Collected data entries:
........

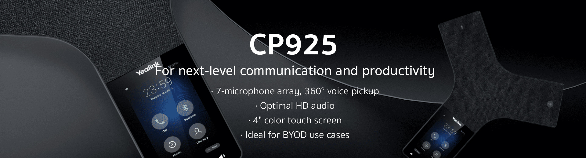 The audio performance of CP925 is powered and enhanced with the built-in 7-microphone array for voice pickup and noise cancellation. Covering a range of 20-foot with 360° omni-direction, the phone is adequate to deliver clear and natural voice conference experience.
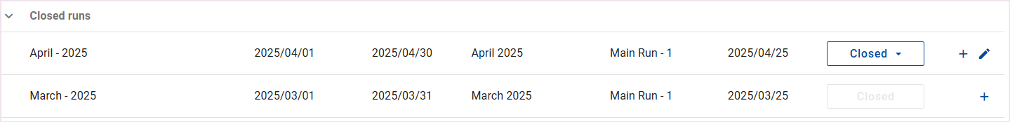 - Make sure all financial reports are saved before reopening a closed run, as recalculations may occur when the run is reopened or modified.
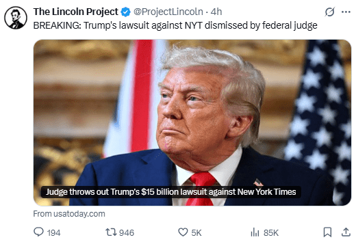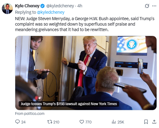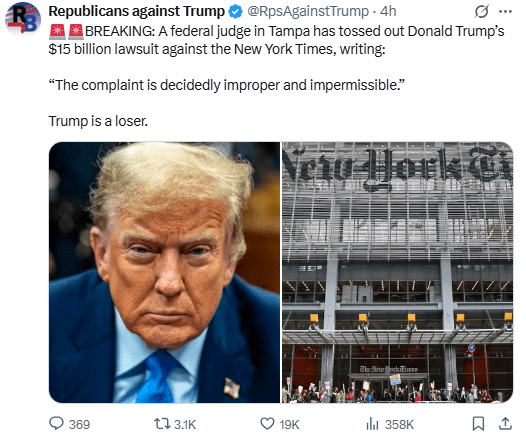 Regeneración, 19 de septiembre 2025– Un juez federal de Florida desestimó la demanda por difamación de 15.000 millones de dólares de Donald Trump contra The New York Times debido a su extensión.
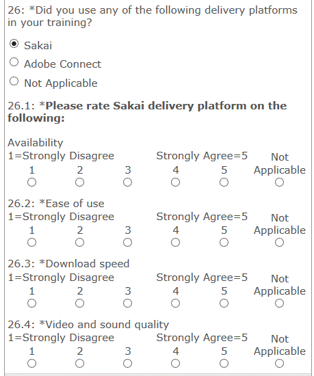 CDSE Instructor Led Class Student Evaluation Survey Screen
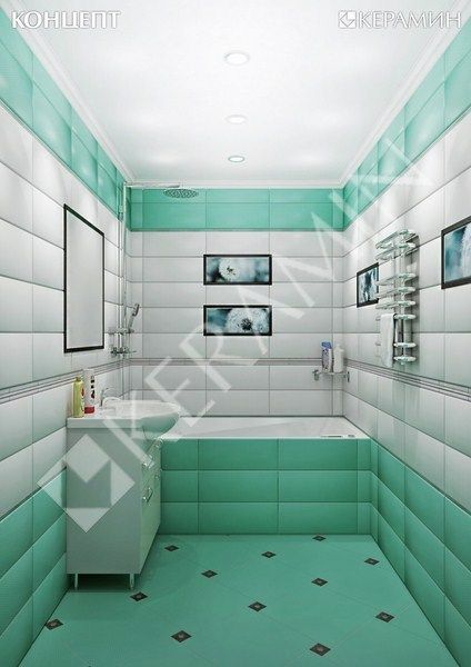 Фото интерьеров комнат, облицованных керамической плиткой Концепт (Concept) Бирюзовый от производителя Керамин (Keramin).
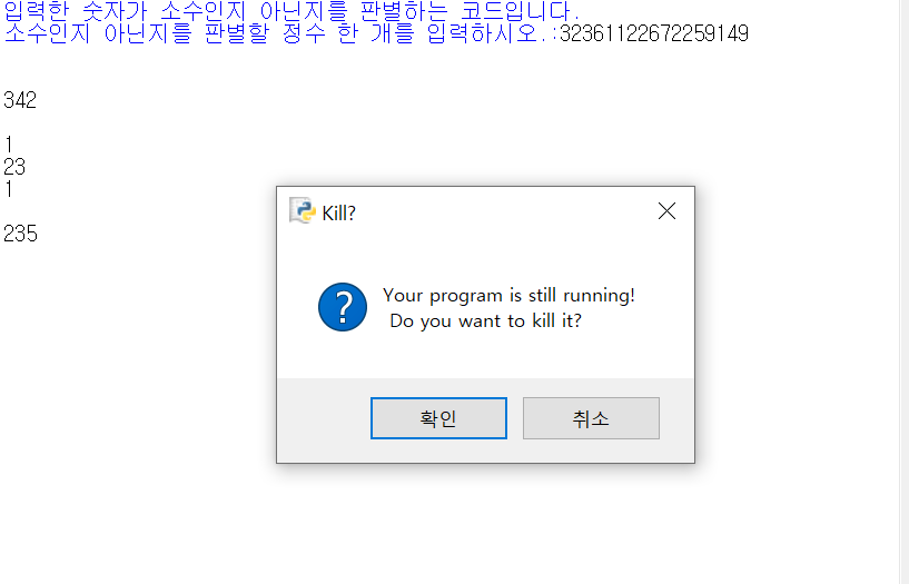 원래 소수면, 소수입니다. 소수가 아니면, 소수가 아닙니다. 이렇게 짠 코드입니다. 근데 가끔 이렇게 큰 숫자를 넣고 엔터를 치면 아무것도 안뜨고, 엔터를 쳐도 에러도 안나고, 저렇게 계속 숫자는 입력할 수 있게 되어있는데, 닫기 창을 누르면 저렇게 뜨고...

........

Produce an exact copy of every line above, with the images left out.

 The audio performance of CP925 is powered and enhanced with the built-in 7-microphone array for voice pickup and noise cancellation. Covering a range of 20-foot with 360° omni-direction, the phone is adequate to deliver clear and natural voice conference experience.
 - Make sure all financial reports are saved before reopening a closed run, as recalculations may occur when the run is reopened or modified.
 Regeneración, 19 de septiembre 2025– Un juez federal de Florida desestimó la demanda por difamación de 15.000 millones de dólares de Donald Trump contra The New York Times debido a su extensión.
 CDSE Instructor Led Class Student Evaluation Survey Screen
 Фото интерьеров комнат, облицованных керамической плиткой Концепт (Concept) Бирюзовый от производителя Керамин (Keramin).
 원래 소수면, 소수입니다. 소수가 아니면, 소수가 아닙니다. 이렇게 짠 코드입니다. 근데 가끔 이렇게 큰 숫자를 넣고 엔터를 치면 아무것도 안뜨고, 엔터를 쳐도 에러도 안나고, 저렇게 계속 숫자는 입력할 수 있게 되어있는데, 닫기 창을 누르면 저렇게 뜨고...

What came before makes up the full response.